Fandom: Criminal Minds which belongs to CBS.
Summary: Morgan says something he doesn't mean.
Spoiler(s): Set during Soul Mates.
Warning(s): This is only the second time I wrote a fanfic in first person. Be kind.
Notes: Re-watching practically the entire show is not good for me. I keep getting these little ideas I just have to jot down in the middle of Bio lectures. It's not good. :D
Cross posted to bau_fic, cm_slash and morganreid_cm.
I pretended that I couldn't hear him interrogating Harris in the other room. I pretended when he left and came to me for more answers that what he said didn't hurt.
I knew what I was getting into. It was just a fling between two co-workers. We never went on an actual date and he never stayed the night. No, we never went to his place. He didn't even trust me enough to take me home with him.

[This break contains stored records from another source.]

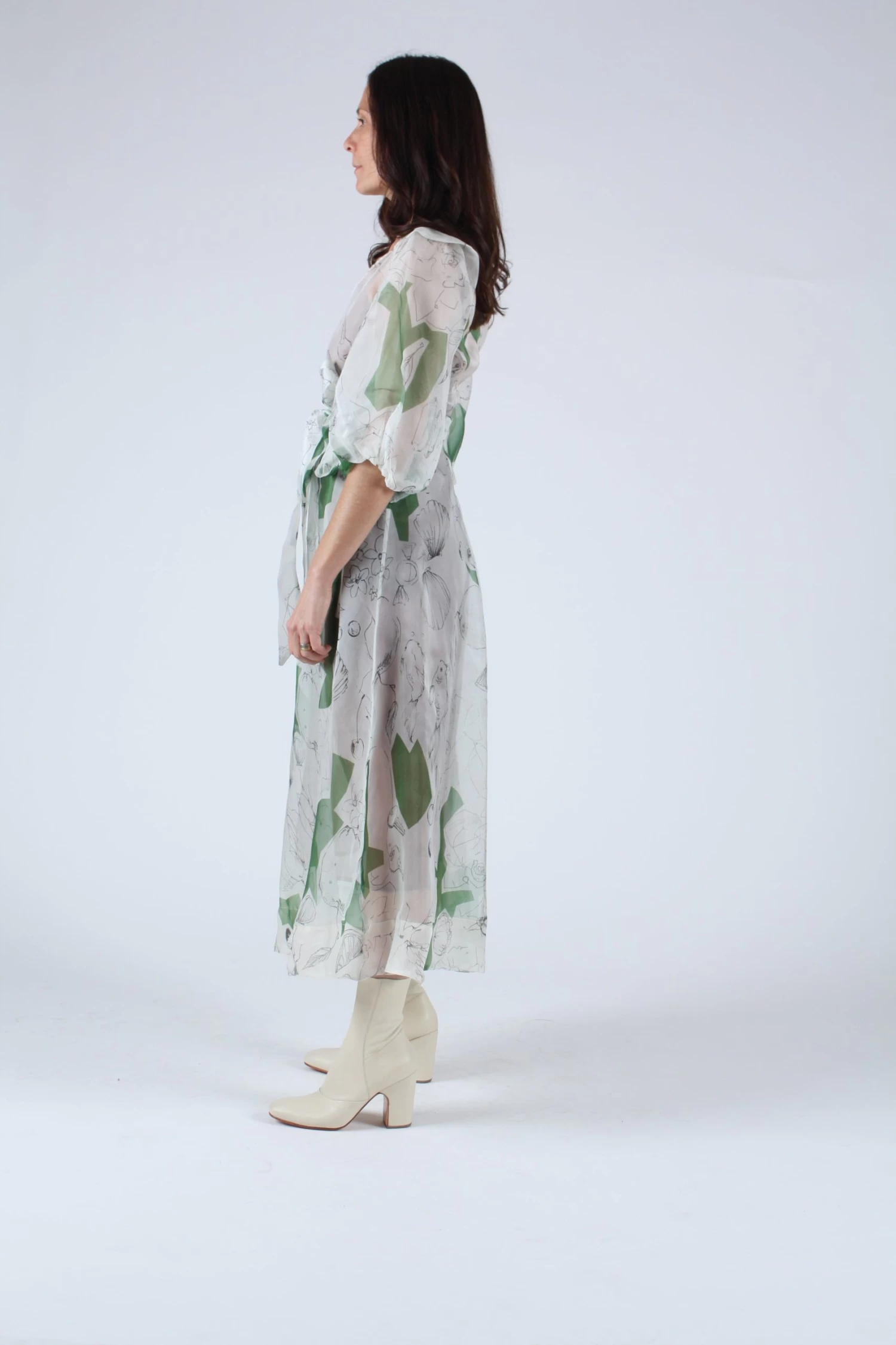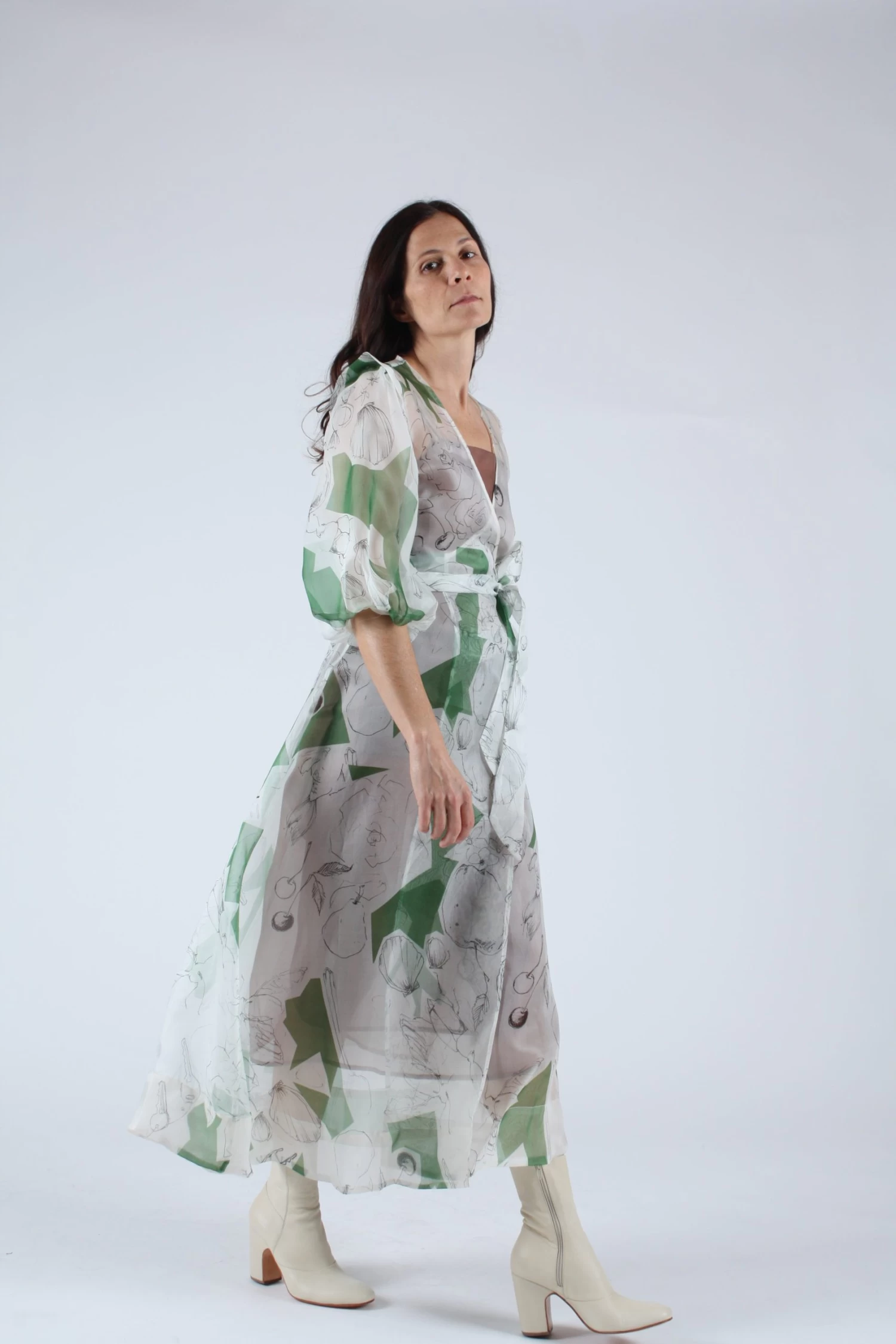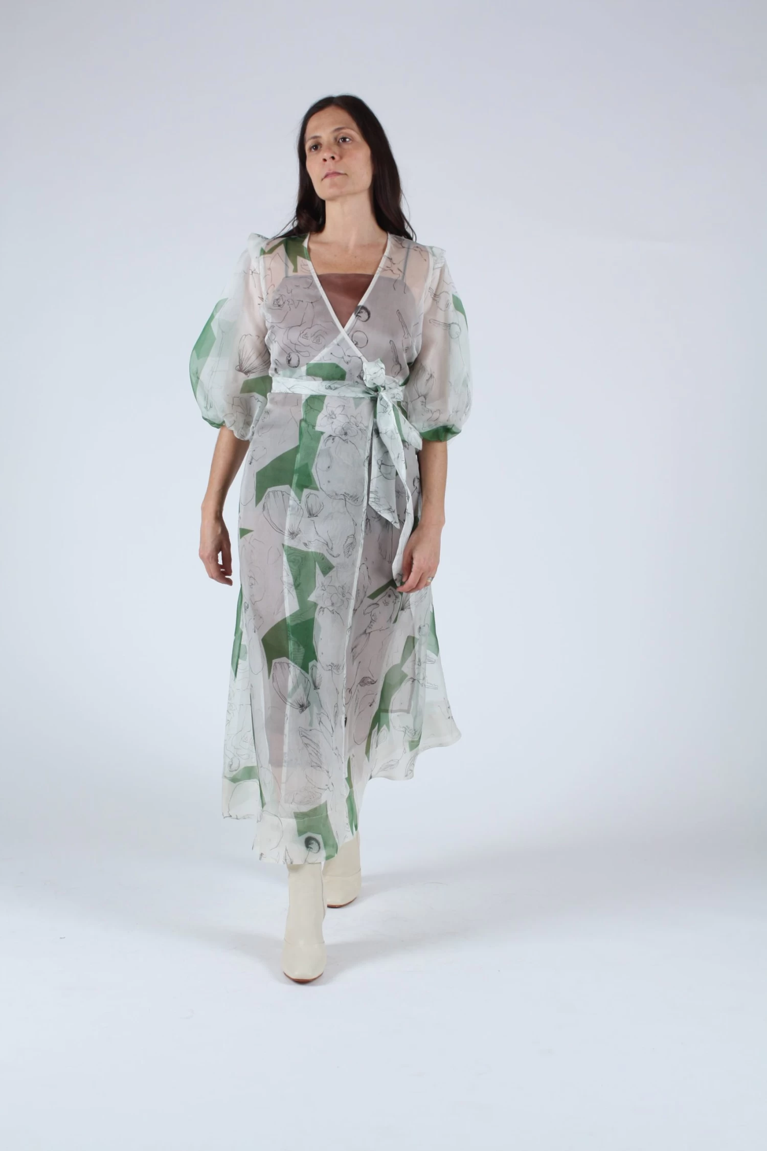 Silk organza wrap dress features full, elbow length sleeves with subtle ruffle detail at each shoulder. Wraps at the natural waist with self belt and wide hem. Print inspired by designers childhood memories.
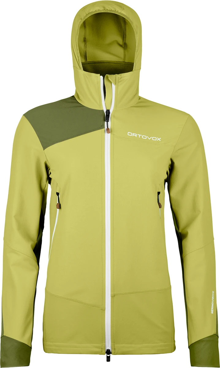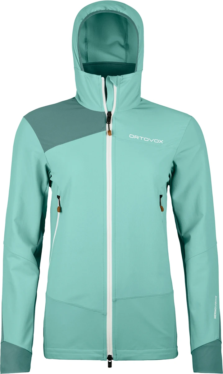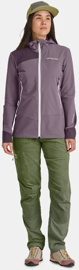Dámská softshell bunda Ortovox Pala Hooded Jacket W se hodí pro lezení ferrat, turistiku, cestování.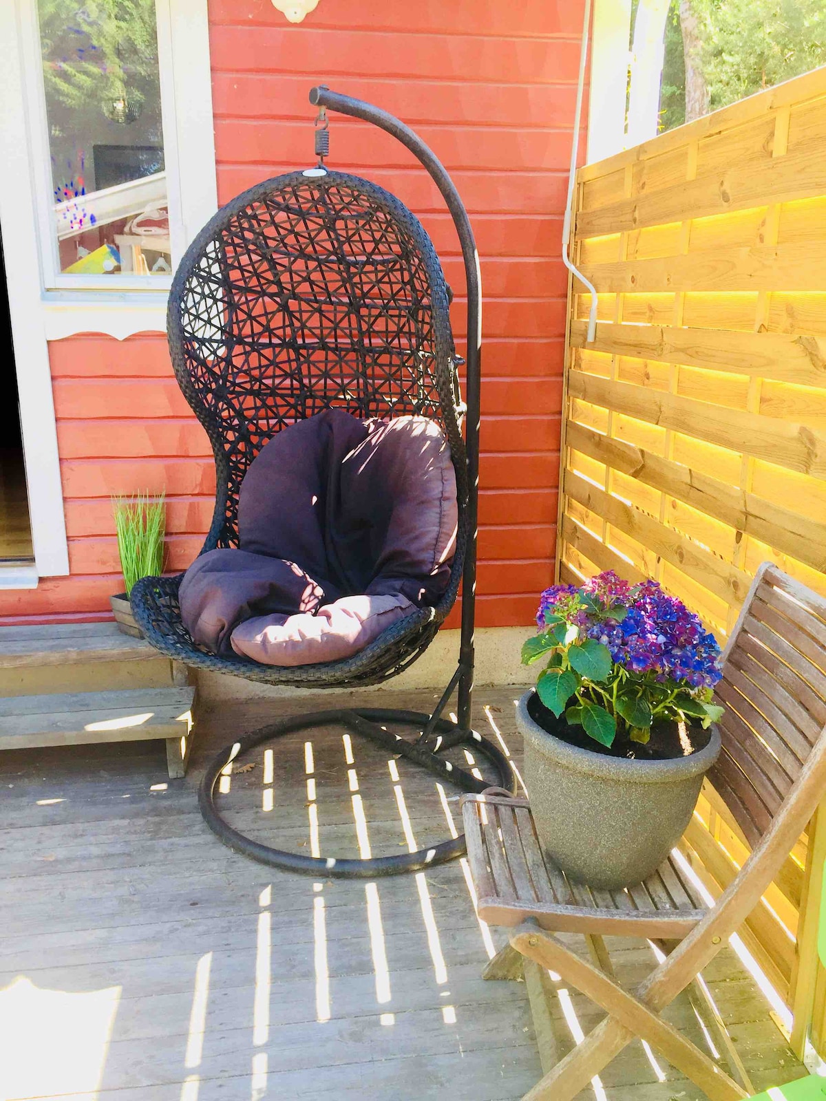 ¡Da la bienvenida a nuestro encantador departamento ubicado en Åsen! Aproximadamente a 5 minutos a pie de la estación de tren/centro de viajes (500 metros) y aproximadamente a 10-15 minutos a pie del centro de la ciudad. El departamento se encuentra en Enköping, con proximidad a todo lo que la ciudad tiene para ofrecer. El departamento tiene 55 metros cuadrados y tiene un dormitorio, baño, cocina y sala de estar. La cocina está totalmente equipada, incluida la cafetera, la máquina de cápsulas, la tostadora y el hervidor, etc. Hay toallas y artículos de higiene disponibles. Hay una silla de bebé y platos para niños disponibles, así como un sofá cama en la sala de estar.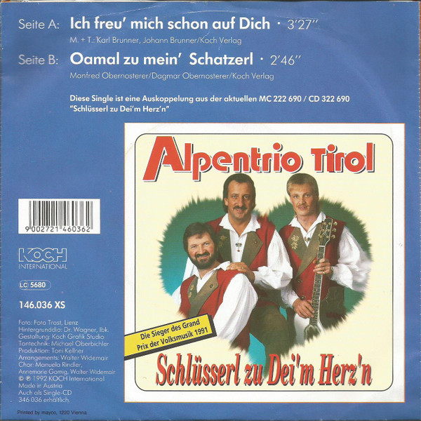 Vinyl / Alpentrio Tirol - Ich Freu' Mich Schon Auf Dich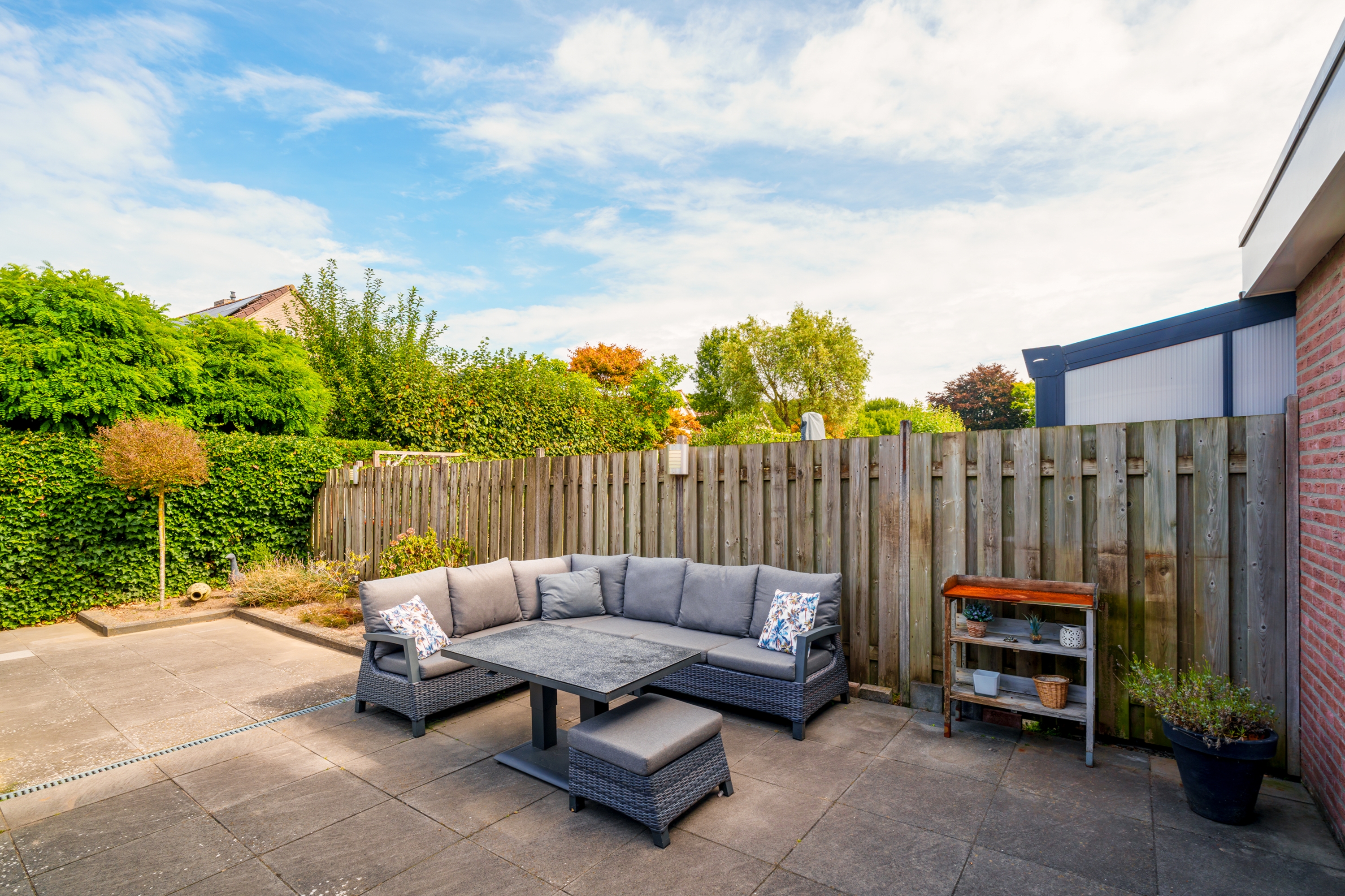 -Grote, zonnige tuin van ca. 11 meter diep, onderhoudsvriendelijk aangelegd met tegels en borders

We solved the case before anyone else could get hurt, but I was hurt. I kept replaying those words in my head as I entered my apartment.
"I don't know what it's like to be in love with another man."
He would never love me, and I had to accept that. Yet, when there was a knock on my door at 4AM, I couldn't help the way my heart sped up or how I thought 'How could this not be love?'
He stood in the doorway, his eyes bloodshot and his clothes disheveled. He didn't drink often and I was concerned as I let him in.
"I didn't mean it," he said tentatively. "I know what it's like. Well, not to love any man. You. I'm in love with you. I just... I'm trying here Spencer, and I want this to work."
I wrapped my arms around him as I whispered "I love you too."
We might have to work hard for this... for us but if it's your soul mate, it won't be easy but it'll be worth it.